Provided material ::
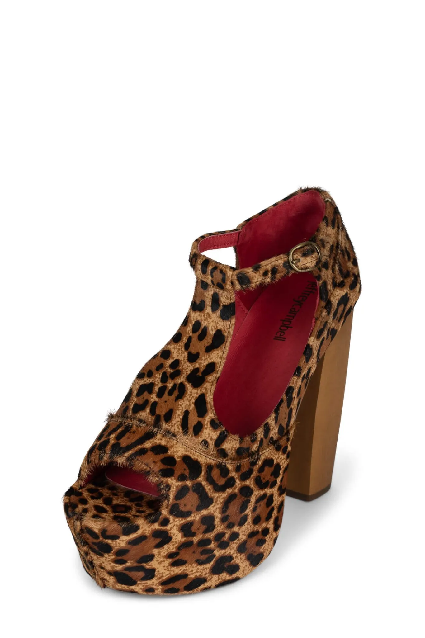 T-strap wooden platform with peep-toe.Fits true to sizeMeasurements taken from a size 7 5.25″ heel, 2″ platformCalf-hai…
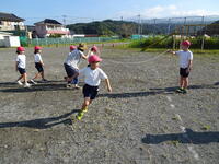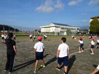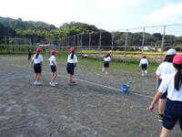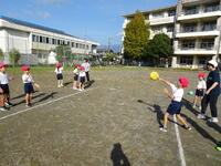 体力アップコンテストの種目に学年ごと挑戦しています。記録が伸びた学級もありました。
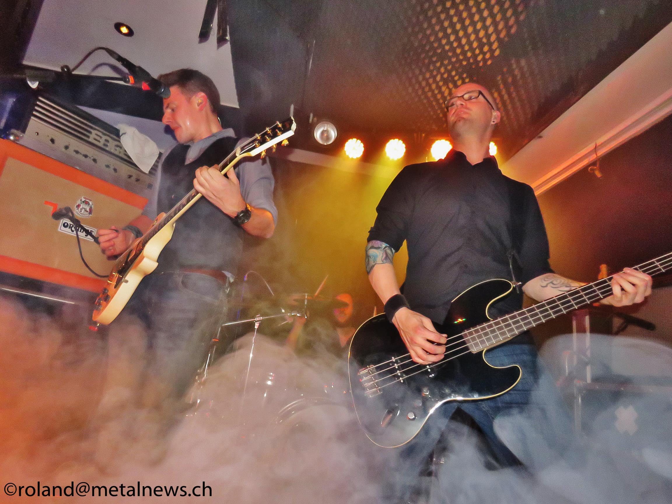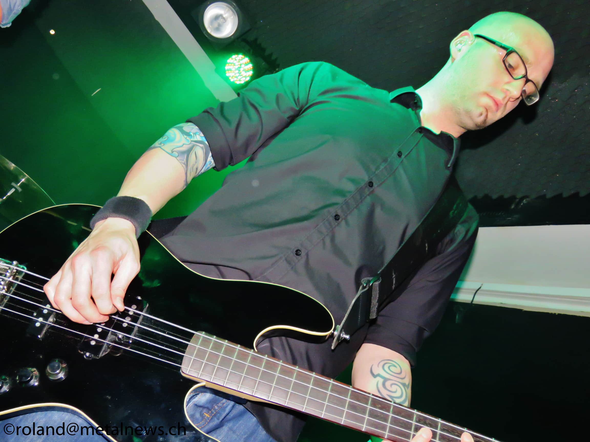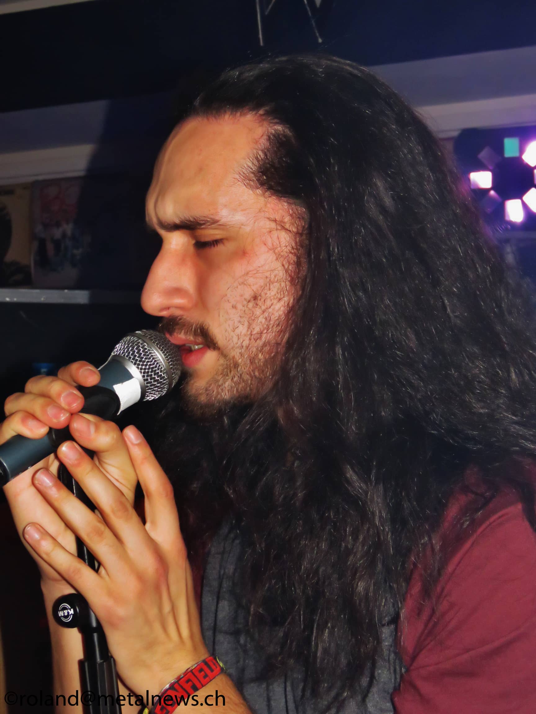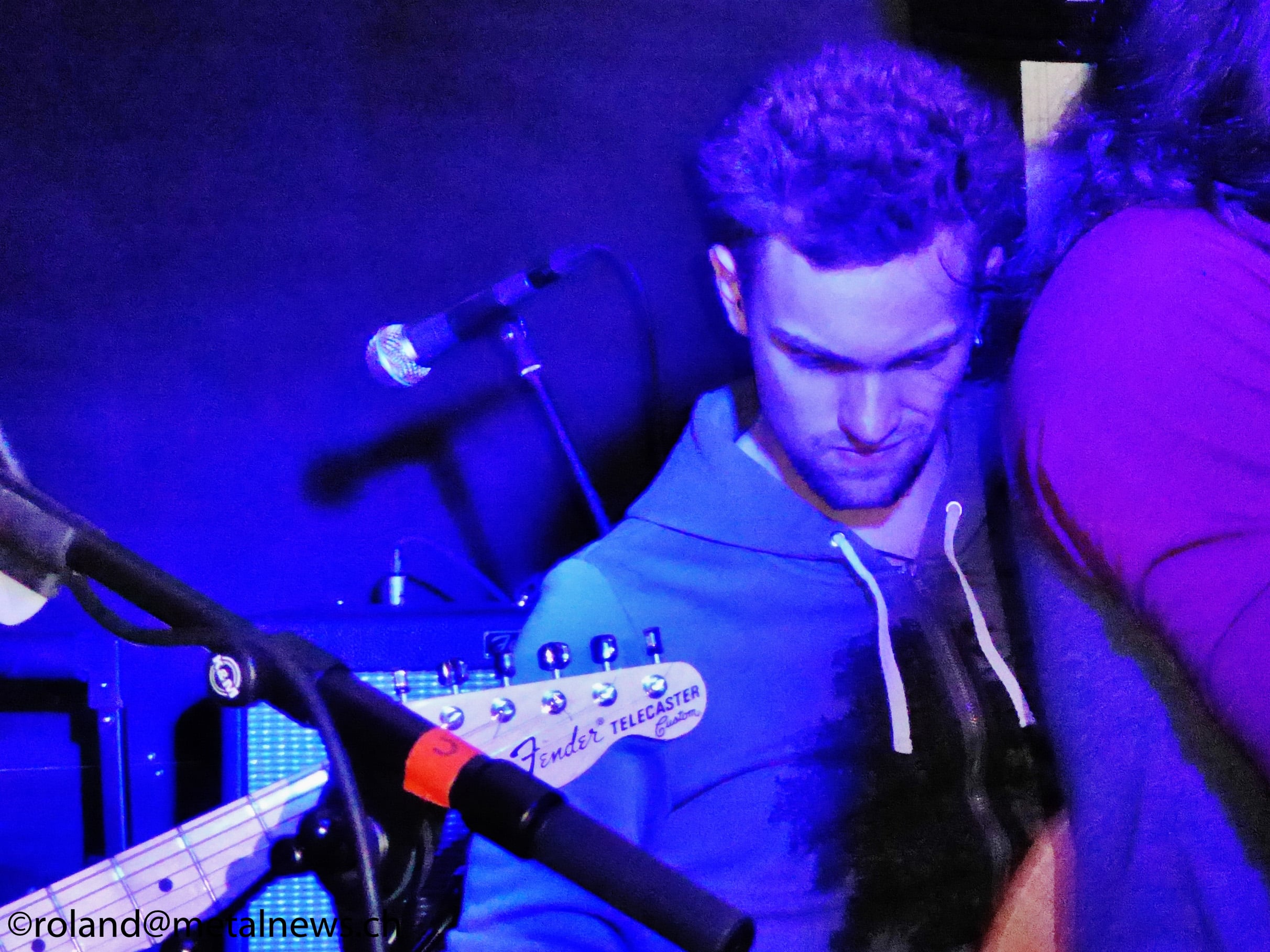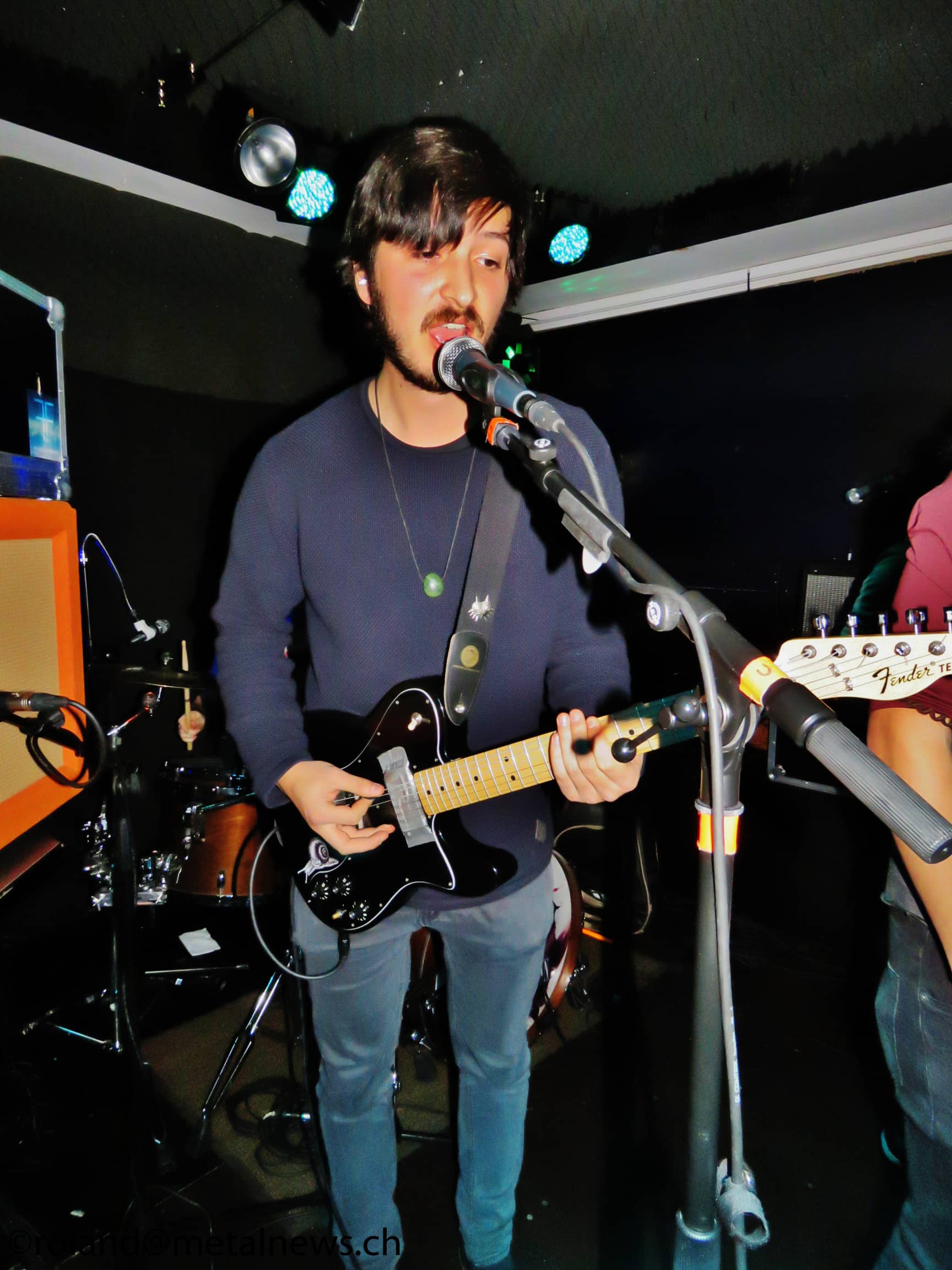 Der Soundcheck geht zügig über die Bühne und dann beginnt auch schon die erste Band zu spielen. Es ist dies die Zürcher Progressive Rock Band OPEN EYED, bestehend aus vier Mitgliedern. Optisch auffällig an ihrem Gig ist dass der Sänger oftmals seine Augen geschlossen hält, bedingt durch die Bühnenbeleuchtung. Aus meiner Sicht bietet die Band eine gute Show, sie hält sich aber merklich zurück was die Animation des Publikums zum Mitmachen anbelangt, dennoch fordern die Zuschauer eine Zugabe welche OPEN EYED bereitwillig in Form des Songs „Broken Bells“ gibt. Diese Zugabe sowie die Songs „Trustitude“ und „Tormenta“ kann man sich auf meinen Youtube-Channel „JudR666“ zu Gemüte führen.

Directions :: Line by line, restate the data above exactly as it stands, minus the pictures.

Solution ::
 T-strap wooden platform with peep-toe.Fits true to sizeMeasurements taken from a size 7 5.25″ heel, 2″ platformCalf-hai…
 体力アップコンテストの種目に学年ごと挑戦しています。記録が伸びた学級もありました。
 Der Soundcheck geht zügig über die Bühne und dann beginnt auch schon die erste Band zu spielen. Es ist dies die Zürcher Progressive Rock Band OPEN EYED, bestehend aus vier Mitgliedern. Optisch auffällig an ihrem Gig ist dass der Sänger oftmals seine Augen geschlossen hält, bedingt durch die Bühnenbeleuchtung. Aus meiner Sicht bietet die Band eine gute Show, sie hält sich aber merklich zurück was die Animation des Publikums zum Mitmachen anbelangt, dennoch fordern die Zuschauer eine Zugabe welche OPEN EYED bereitwillig in Form des Songs „Broken Bells“ gibt. Diese Zugabe sowie die Songs „Trustitude“ und „Tormenta“ kann man sich auf meinen Youtube-Channel „JudR666“ zu Gemüte führen.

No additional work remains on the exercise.